◆ Problem description: From the data below, copy exactly the lines that lie between the one holding "گلدان سفالی پتینهای" and the one holding "Детали: прямой силуэт, воротник, пояс", including both, and nothing more.

◆ Extracted entries:

------------------------------------------------------------------------

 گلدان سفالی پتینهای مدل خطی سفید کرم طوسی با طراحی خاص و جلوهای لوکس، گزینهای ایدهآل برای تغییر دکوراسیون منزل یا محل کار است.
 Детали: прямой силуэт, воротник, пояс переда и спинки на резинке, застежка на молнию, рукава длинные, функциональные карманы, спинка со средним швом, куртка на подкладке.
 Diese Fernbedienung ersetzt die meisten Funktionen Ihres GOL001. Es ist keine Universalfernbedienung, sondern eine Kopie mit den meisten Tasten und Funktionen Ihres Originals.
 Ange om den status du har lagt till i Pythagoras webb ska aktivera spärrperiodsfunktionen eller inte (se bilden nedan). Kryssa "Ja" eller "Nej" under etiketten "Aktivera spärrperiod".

------------------------------------------------------------------------

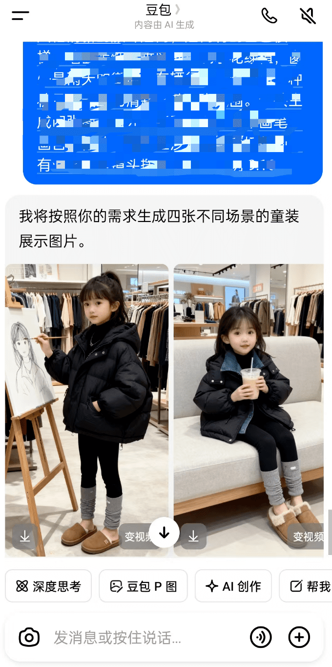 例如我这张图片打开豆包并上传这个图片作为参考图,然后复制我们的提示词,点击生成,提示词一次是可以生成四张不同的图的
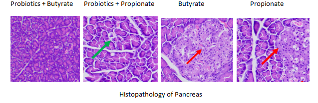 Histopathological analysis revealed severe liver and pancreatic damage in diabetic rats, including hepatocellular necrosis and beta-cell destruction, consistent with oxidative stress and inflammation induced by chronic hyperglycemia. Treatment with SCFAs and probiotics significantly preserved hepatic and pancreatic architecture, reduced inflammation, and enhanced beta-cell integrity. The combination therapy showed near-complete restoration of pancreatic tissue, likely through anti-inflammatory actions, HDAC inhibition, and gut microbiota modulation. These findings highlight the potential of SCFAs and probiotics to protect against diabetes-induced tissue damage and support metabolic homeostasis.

------------------------------------------------------------------------

◆ Response box:
 گلدان سفالی پتینهای مدل خطی سفید کرم طوسی با طراحی خاص و جلوهای لوکس، گزینهای ایدهآل برای تغییر دکوراسیون منزل یا محل کار است.
 Детали: прямой силуэт, воротник, пояс переда и спинки на резинке, застежка на молнию, рукава длинные, функциональные карманы, спинка со средним швом, куртка на подкладке.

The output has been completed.